* _Provided records_:
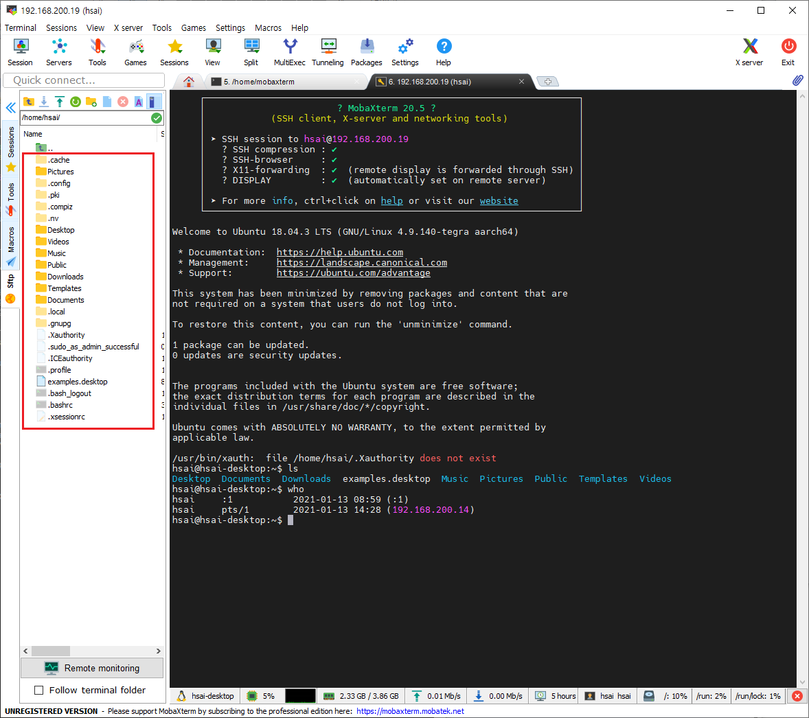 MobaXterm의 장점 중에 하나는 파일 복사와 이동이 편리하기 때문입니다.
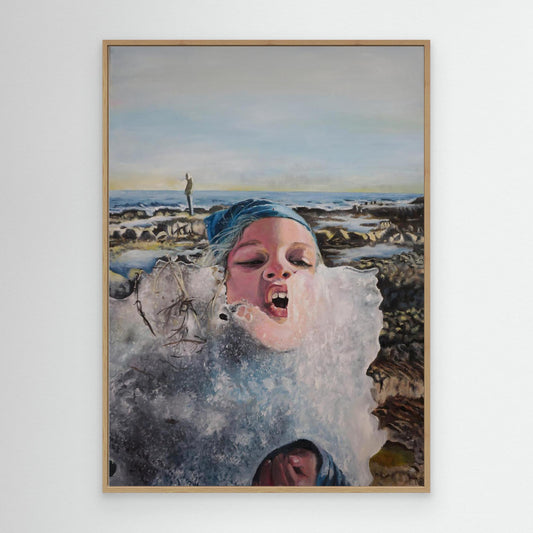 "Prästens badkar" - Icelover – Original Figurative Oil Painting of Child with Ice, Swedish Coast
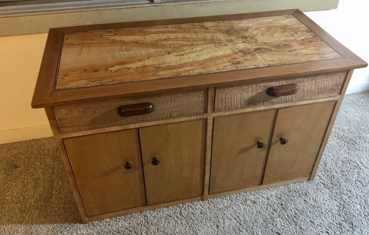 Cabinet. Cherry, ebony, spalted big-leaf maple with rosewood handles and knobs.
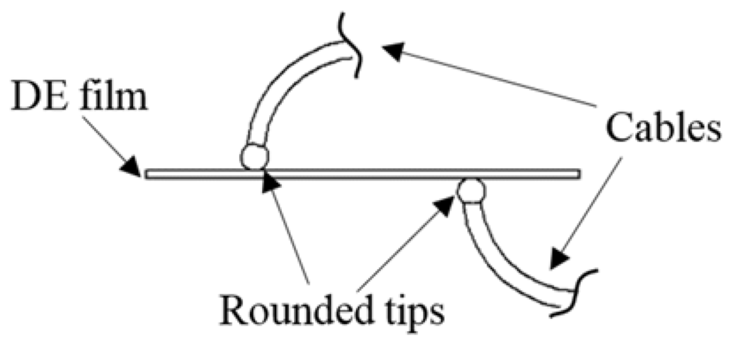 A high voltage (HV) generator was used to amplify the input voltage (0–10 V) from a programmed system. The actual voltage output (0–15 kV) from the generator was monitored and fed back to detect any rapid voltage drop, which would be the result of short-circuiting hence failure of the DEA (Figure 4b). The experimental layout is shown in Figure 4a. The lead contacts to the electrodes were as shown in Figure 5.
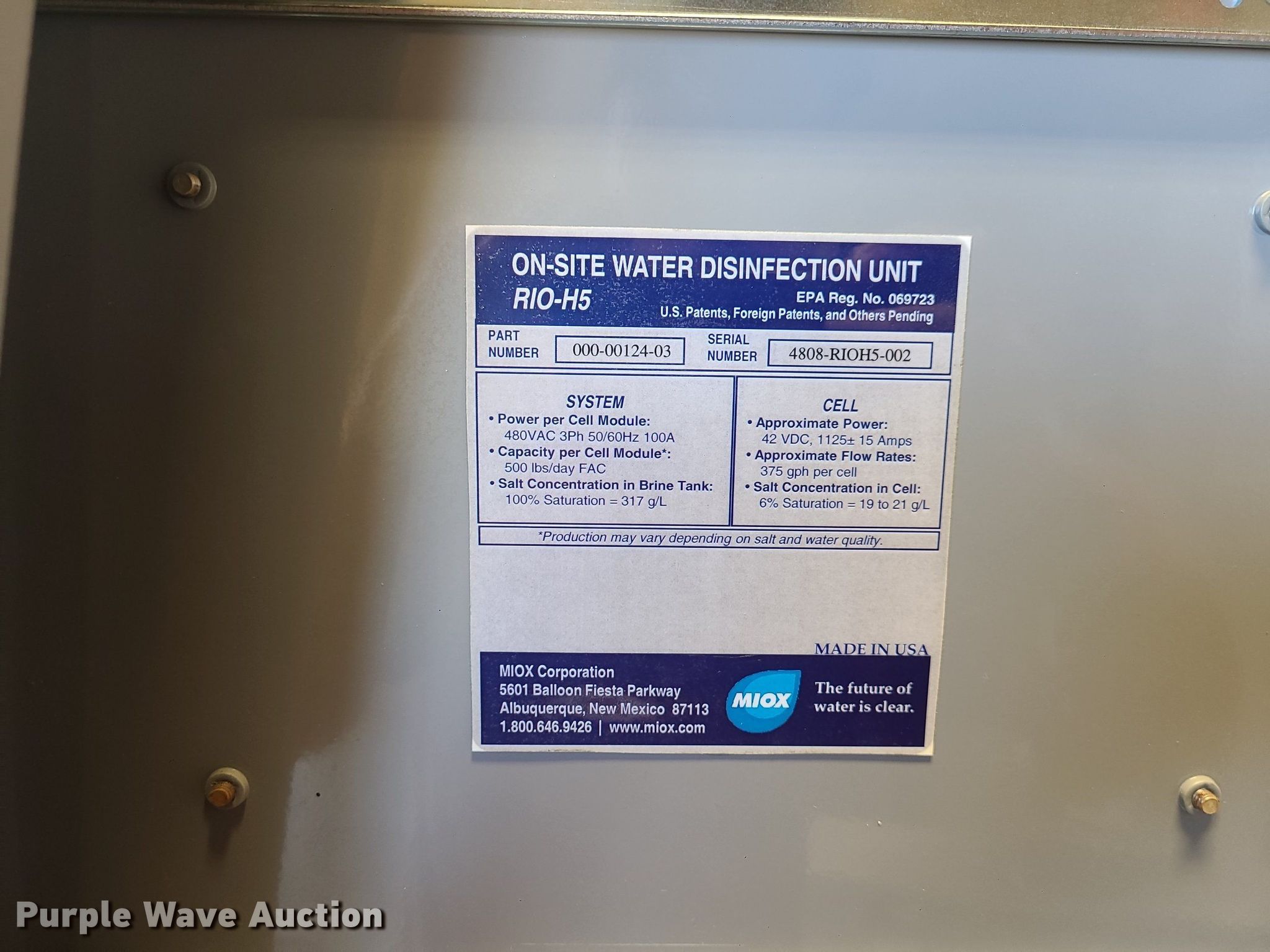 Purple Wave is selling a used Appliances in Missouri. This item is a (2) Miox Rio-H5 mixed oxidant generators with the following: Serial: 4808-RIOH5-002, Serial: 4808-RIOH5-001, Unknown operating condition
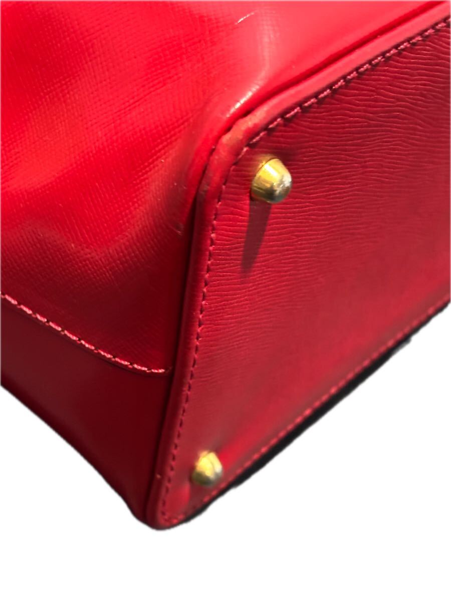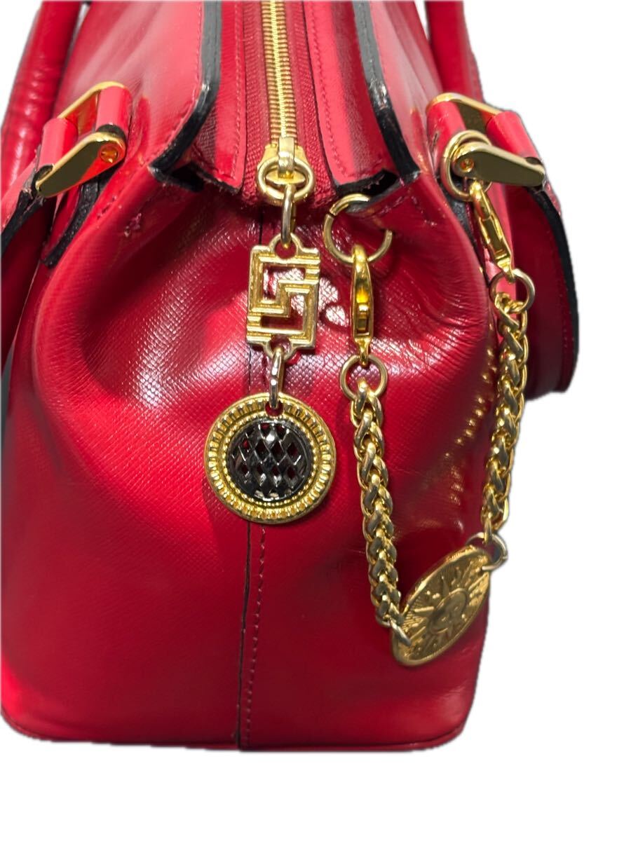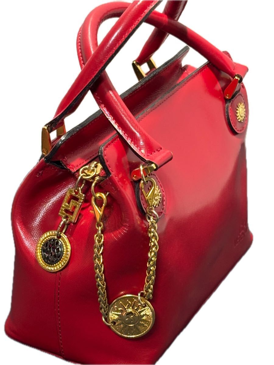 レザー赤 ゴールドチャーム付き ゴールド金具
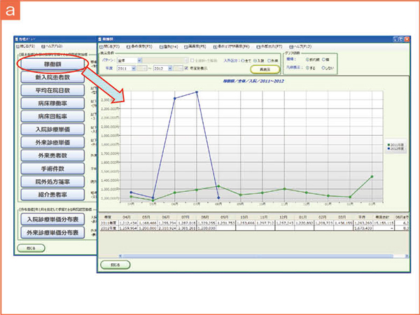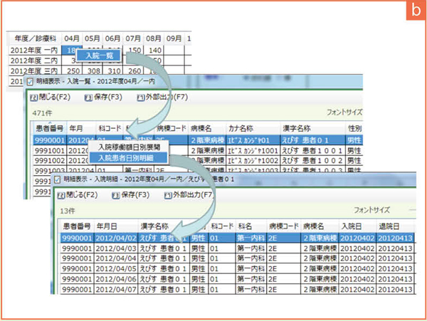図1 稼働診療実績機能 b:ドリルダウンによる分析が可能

* * *

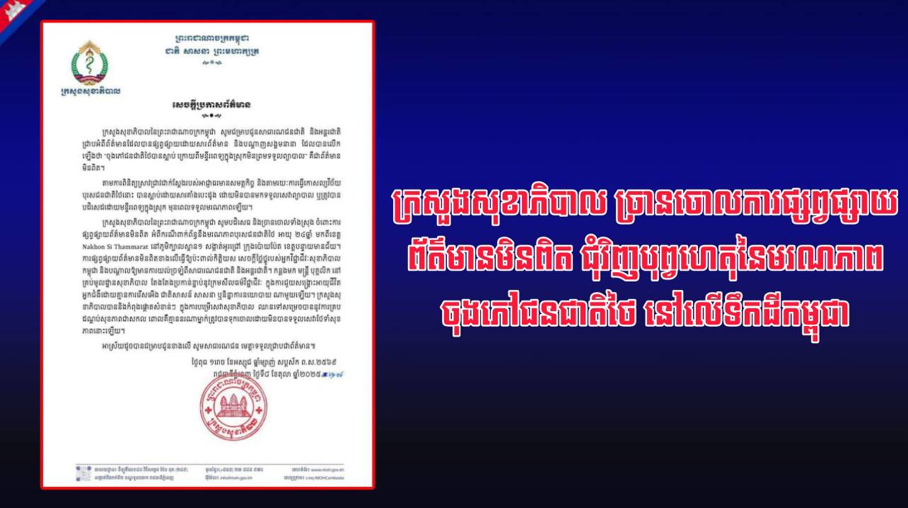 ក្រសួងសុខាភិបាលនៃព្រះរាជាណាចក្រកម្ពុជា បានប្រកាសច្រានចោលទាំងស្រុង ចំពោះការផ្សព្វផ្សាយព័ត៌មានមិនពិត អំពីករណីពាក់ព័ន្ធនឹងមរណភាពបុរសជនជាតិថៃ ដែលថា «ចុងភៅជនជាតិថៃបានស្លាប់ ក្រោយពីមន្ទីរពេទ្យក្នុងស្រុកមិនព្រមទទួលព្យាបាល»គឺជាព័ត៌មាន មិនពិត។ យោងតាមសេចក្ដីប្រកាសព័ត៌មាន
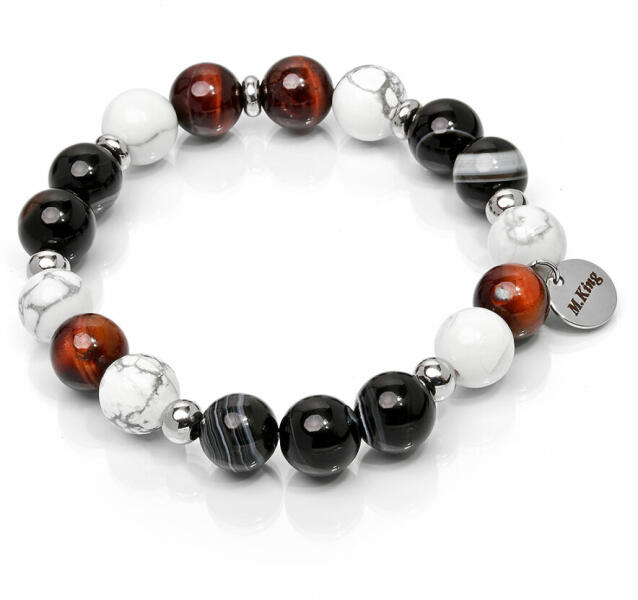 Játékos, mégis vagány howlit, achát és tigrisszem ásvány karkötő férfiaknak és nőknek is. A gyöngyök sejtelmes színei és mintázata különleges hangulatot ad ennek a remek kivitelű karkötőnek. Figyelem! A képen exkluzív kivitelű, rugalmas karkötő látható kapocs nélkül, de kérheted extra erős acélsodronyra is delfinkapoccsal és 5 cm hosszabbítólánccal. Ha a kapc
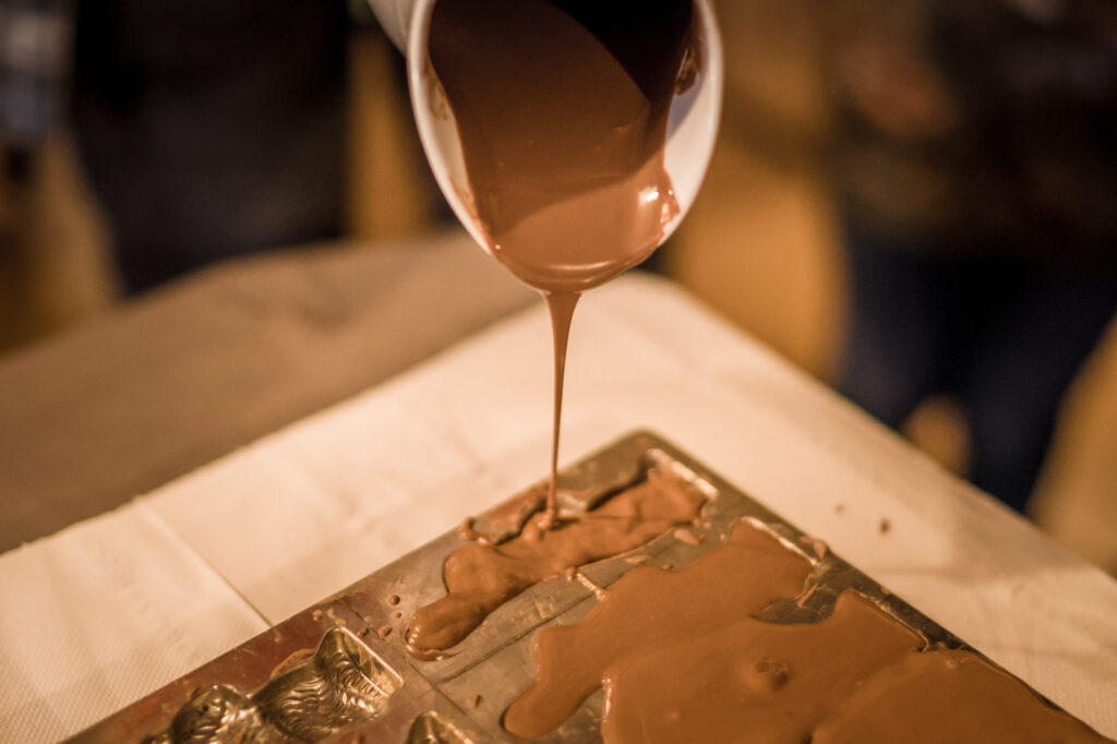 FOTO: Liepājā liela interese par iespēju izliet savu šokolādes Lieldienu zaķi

* * *

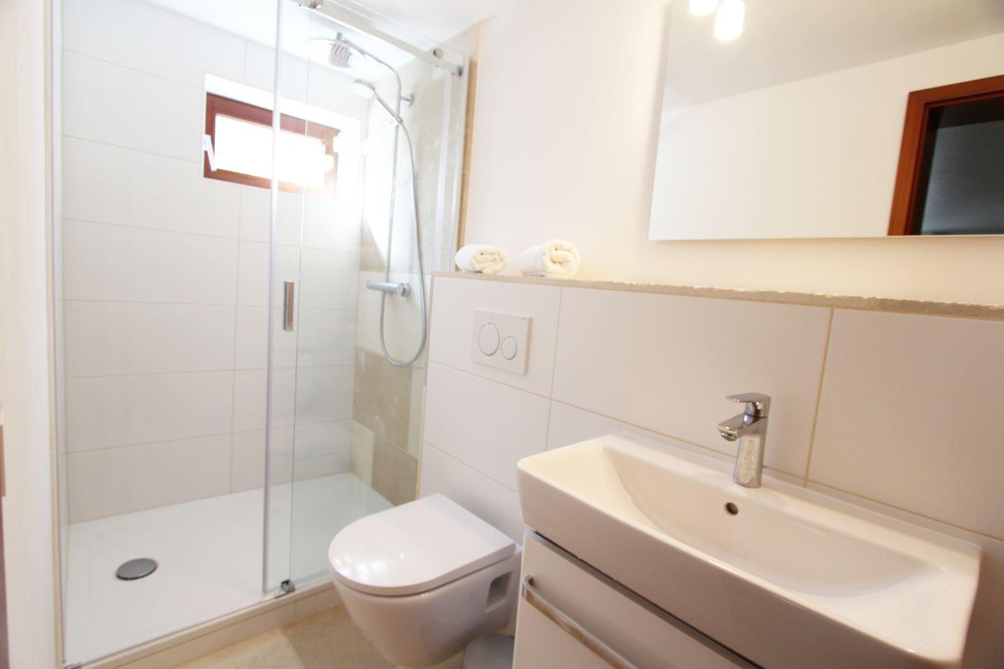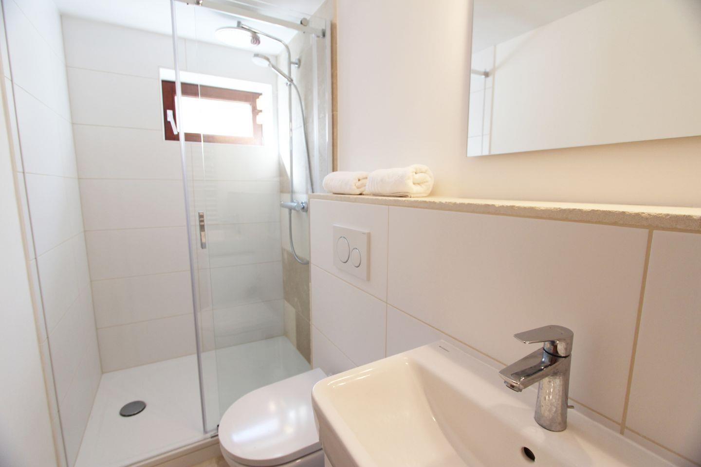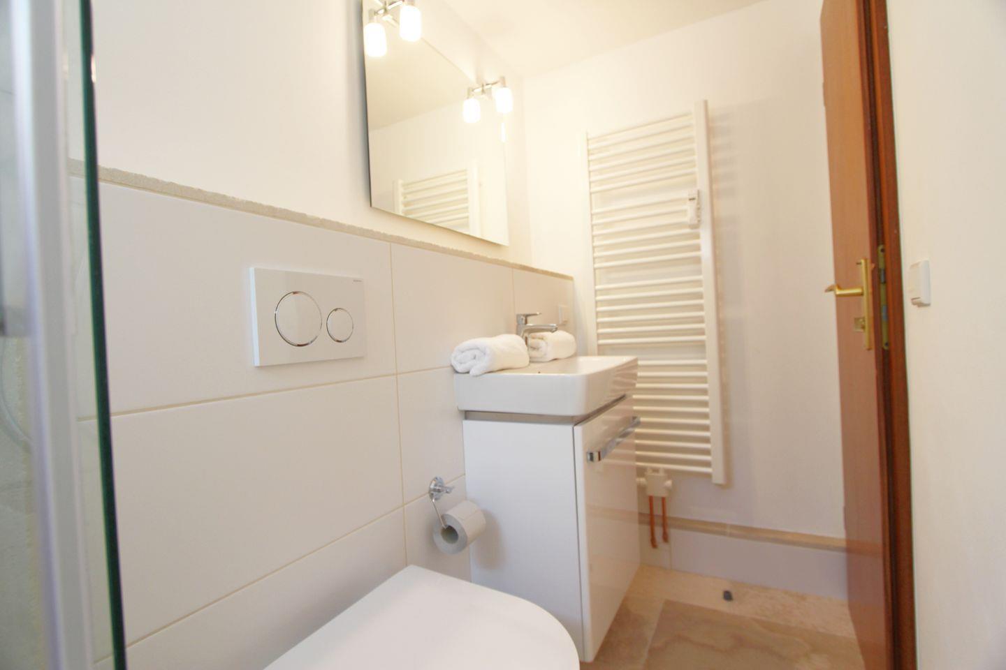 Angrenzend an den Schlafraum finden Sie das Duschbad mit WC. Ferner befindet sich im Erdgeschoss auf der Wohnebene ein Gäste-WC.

* _Try it_: Output exactly the lines above, beginning at the one with "MobaXterm의 장점 중에 하나는 파일 복사와 이동이 편리하기 때문입니다." and stopping after the one with "図1 稼働診療実績機能 b:ドリルダウンによる分析が可能". Pictures are to be omitted.

* _Written solution_:
 MobaXterm의 장점 중에 하나는 파일 복사와 이동이 편리하기 때문입니다.
 "Prästens badkar" - Icelover – Original Figurative Oil Painting of Child with Ice, Swedish Coast
 Cabinet. Cherry, ebony, spalted big-leaf maple with rosewood handles and knobs.
 A high voltage (HV) generator was used to amplify the input voltage (0–10 V) from a programmed system. The actual voltage output (0–15 kV) from the generator was monitored and fed back to detect any rapid voltage drop, which would be the result of short-circuiting hence failure of the DEA (Figure 4b). The experimental layout is shown in Figure 4a. The lead contacts to the electrodes were as shown in Figure 5.
 Purple Wave is selling a used Appliances in Missouri. This item is a (2) Miox Rio-H5 mixed oxidant generators with the following: Serial: 4808-RIOH5-002, Serial: 4808-RIOH5-001, Unknown operating condition
 レザー赤 ゴールドチャーム付き ゴールド金具
図1 稼働診療実績機能 b:ドリルダウンによる分析が可能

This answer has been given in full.